====== DATA EXCERPTS ======

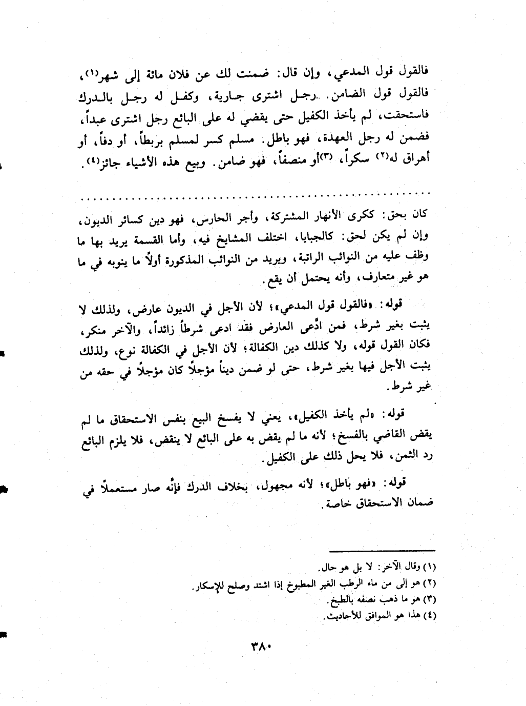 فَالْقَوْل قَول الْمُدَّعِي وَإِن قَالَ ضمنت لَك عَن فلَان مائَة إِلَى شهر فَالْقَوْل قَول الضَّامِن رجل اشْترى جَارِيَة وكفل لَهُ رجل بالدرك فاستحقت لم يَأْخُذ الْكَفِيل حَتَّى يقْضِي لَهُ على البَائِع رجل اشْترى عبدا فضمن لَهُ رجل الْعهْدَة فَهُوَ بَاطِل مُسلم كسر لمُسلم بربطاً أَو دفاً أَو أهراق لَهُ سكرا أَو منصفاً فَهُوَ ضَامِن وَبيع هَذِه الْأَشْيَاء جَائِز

======
====== DATA EXCERPTS ======

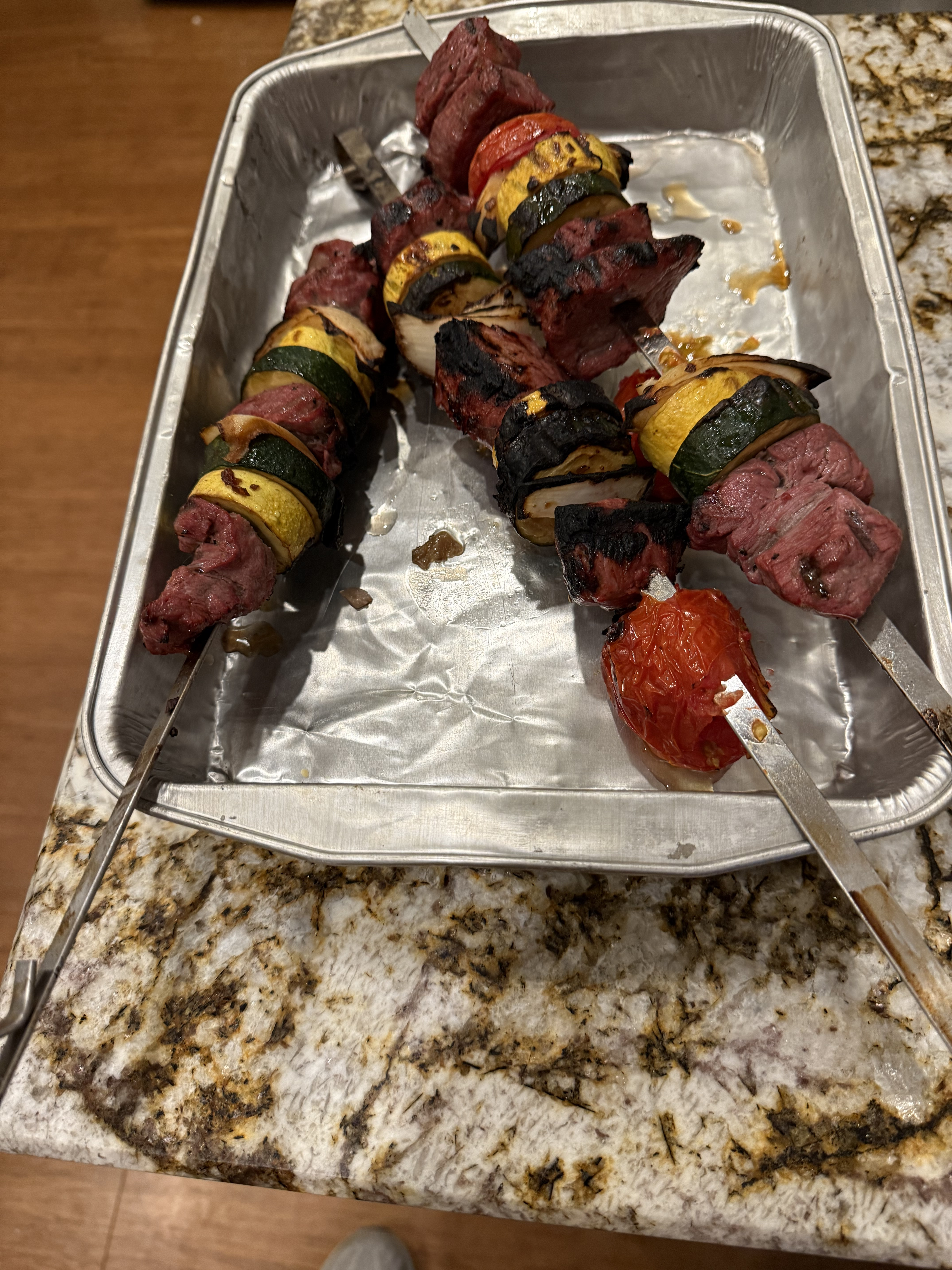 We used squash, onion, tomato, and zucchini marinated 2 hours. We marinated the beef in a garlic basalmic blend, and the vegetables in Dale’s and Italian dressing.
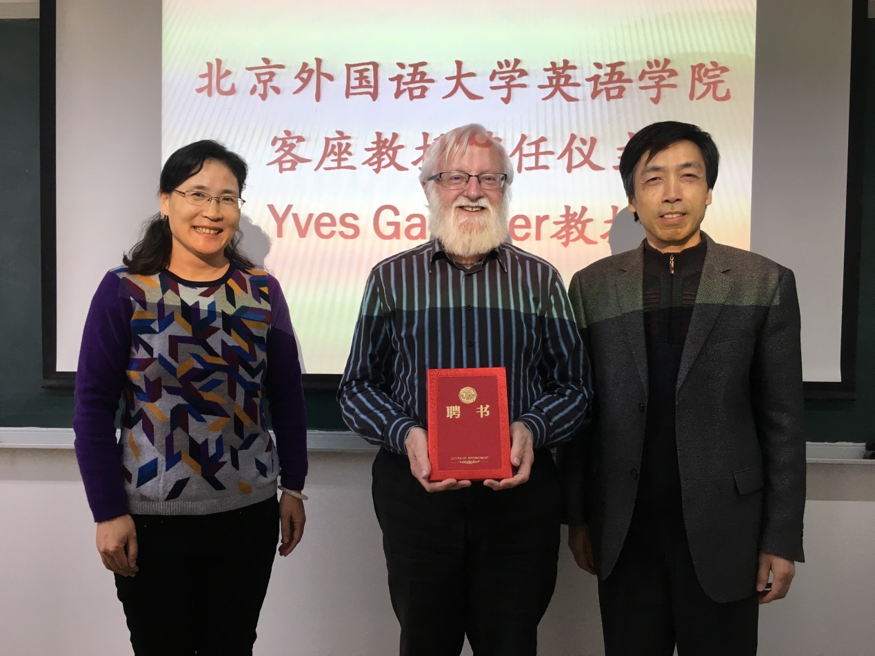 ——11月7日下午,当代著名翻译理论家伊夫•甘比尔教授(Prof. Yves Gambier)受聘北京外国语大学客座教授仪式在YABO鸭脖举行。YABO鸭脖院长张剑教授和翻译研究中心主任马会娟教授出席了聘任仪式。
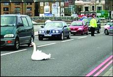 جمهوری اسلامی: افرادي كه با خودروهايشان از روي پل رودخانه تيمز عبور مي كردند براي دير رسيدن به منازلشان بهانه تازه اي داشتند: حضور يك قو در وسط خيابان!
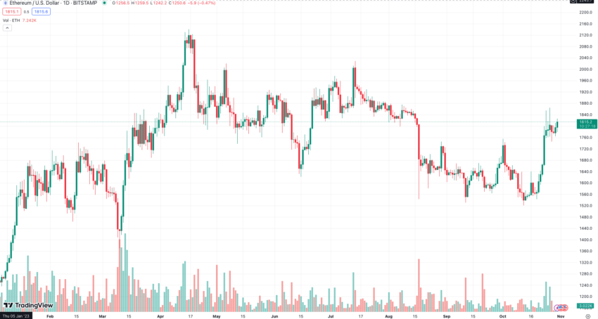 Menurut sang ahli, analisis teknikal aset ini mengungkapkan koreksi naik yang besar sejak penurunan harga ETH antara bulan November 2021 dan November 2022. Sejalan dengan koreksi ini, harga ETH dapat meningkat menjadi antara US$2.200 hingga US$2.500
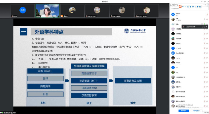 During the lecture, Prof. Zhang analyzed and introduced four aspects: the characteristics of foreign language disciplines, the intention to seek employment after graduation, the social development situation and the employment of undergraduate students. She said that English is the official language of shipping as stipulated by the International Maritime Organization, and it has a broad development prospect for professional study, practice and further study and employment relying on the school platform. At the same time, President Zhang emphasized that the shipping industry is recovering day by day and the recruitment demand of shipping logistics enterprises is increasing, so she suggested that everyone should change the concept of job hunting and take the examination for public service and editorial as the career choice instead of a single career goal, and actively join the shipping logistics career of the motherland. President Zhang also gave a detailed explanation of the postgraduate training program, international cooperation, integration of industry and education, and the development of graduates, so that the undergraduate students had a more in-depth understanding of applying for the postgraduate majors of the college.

======
====== DATA EXCERPTS ======

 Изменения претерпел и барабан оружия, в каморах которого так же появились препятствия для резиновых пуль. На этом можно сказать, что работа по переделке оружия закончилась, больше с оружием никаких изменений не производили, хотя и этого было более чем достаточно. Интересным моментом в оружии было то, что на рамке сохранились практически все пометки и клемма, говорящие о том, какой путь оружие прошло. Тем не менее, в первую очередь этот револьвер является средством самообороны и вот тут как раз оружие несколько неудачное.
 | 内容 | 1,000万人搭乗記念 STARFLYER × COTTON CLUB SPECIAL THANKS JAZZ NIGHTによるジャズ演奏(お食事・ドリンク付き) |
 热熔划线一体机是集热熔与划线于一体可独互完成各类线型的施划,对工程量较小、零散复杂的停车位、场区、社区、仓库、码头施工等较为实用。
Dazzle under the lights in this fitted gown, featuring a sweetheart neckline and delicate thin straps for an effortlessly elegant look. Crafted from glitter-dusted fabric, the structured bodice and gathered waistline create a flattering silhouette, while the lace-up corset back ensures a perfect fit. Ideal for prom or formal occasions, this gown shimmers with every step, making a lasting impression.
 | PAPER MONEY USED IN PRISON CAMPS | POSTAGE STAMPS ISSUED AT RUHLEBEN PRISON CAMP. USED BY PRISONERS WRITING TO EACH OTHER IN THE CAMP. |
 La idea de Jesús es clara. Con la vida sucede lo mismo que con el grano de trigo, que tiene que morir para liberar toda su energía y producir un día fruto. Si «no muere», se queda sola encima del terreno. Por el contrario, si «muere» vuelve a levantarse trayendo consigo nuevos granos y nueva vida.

======

WHAT NEEDS TO BE DONE: Here the job is to set down exactly the lines of the material above that fall between the one with "JAZZ NIGHTによるジャズ演奏(お食事・ドリンク付き) |" and the one with "THE CAMP. |", inclusive, and nothing beyond them.

RESULT BELOW:
 | 内容 | 1,000万人搭乗記念 STARFLYER × COTTON CLUB SPECIAL THANKS JAZZ NIGHTによるジャズ演奏(お食事・ドリンク付き) |
 热熔划线一体机是集热熔与划线于一体可独互完成各类线型的施划,对工程量较小、零散复杂的停车位、场区、社区、仓库、码头施工等较为实用。
Dazzle under the lights in this fitted gown, featuring a sweetheart neckline and delicate thin straps for an effortlessly elegant look. Crafted from glitter-dusted fabric, the structured bodice and gathered waistline create a flattering silhouette, while the lace-up corset back ensures a perfect fit. Ideal for prom or formal occasions, this gown shimmers with every step, making a lasting impression.
 | PAPER MONEY USED IN PRISON CAMPS | POSTAGE STAMPS ISSUED AT RUHLEBEN PRISON CAMP. USED BY PRISONERS WRITING TO EACH OTHER IN THE CAMP. |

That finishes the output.